Steve Long: http://www.life.illinois.edu/long/

James O’Dwyer: https://publish.illinois.edu/odwyerlab/

Diwakar Shukla: http://shuklagroup.org/

National Center for Supercomputing Applications (NCSA): http://www.ncsa.illinois.edu/

National Data Service (NDS): http://www.nationaldataservice.org/

 

Nitrogen Network Dynamics: Integration of metabolome and transcriptome response to nitrogen signal

For this project, we utilize a systems biology approach to collectively analyze and integrate time-dependent data from the various components of the N-regulatory network controlling N-assimilation in Arabidopsis. This approach allows us to dynamically model the flow of N-signal propagation through the N-regulatory network on a systems-wide level and identify the transcriptional cascade involved in this regulation. To achieve this goal, high-resolution kinetic transcriptome data, metabolite and metabolic flux data generated using 15N, are used to track the flow of N-assimilation products in concert with changes in the N-regulatory network in response to N-treatments and genetic perturbations. By integrating metabolites into the regulatory networks, they can be modeled as both “input signals” regulating gene expression and as “outputs” of the metabolic pathway.

This project is in collaboration with:

Gloria Coruzzi: http://coruzzilab.bio.nyu.edu/

 

A simplified systems genetics pipeline to predict genome-phenome relationships across data-rich and data-poor crop species

Characterization of genomic, transcriptomic, proteomic, and metabolomic responses to environmental stresses could provide novel opportunities to identify important mechanisms underlying stress response in crops. In this project we aim to establish evidence-based statistical network models that can be applied to quantify the collective role that each “-omic” level plays in plant responses to abiotic stress. The main objective is to establish effective strategies that can be used to accurately predict agronomically-important crop traits that are particularly responsive to environmental stresses in both data rich and data poor agronomic species (soybean and canola). We are currently developing an analytical pipeline to identify genomic loci associated with transcriptomic, proteomic, and metabolomic variation under different environmental conditions, then use model simplification to determine the minimal amount of data needed to make accurate predictions.

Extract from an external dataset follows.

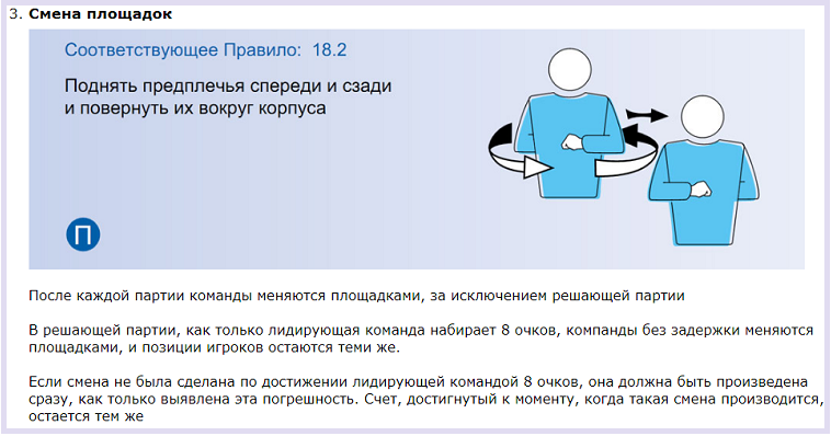 - Если он приземлился без прикасания на противоположном поле, подающая команда получает право перемещаться по ходу часовой стрелки. Подают все члены команды.

This project is in collaboration with:

Alex Lipka: http://cropsci.illinois.edu/directory/alipka

 

Systems genetics of symbiotic quality and environmental response in legume-rhizobium mutualism

Molecular traits are likely targets of natural selection, and are thus integral to a mechanistic understanding of evolutionary change. In this project, we are building network models capable of making gene-to-trait predictions for the ecologically- and evolutionarily- important symbiosis between leguminous plants and nitrogen (N)-fixing rhizobium bacteria. Here, we integrate genome-wide nucleotide variation with phenotypic and molecular estimates of symbiotic partner quality using a range of high- and low-partner quality rhizobia grown in both high-N and low-N soil environments. Our central objective is to use naturally-occurring variation in rhizobia to better resolve the genetic, molecular, and environmental regulation of plant and rhizobium metabolic pathways contributing to mutualism decline in high N environments.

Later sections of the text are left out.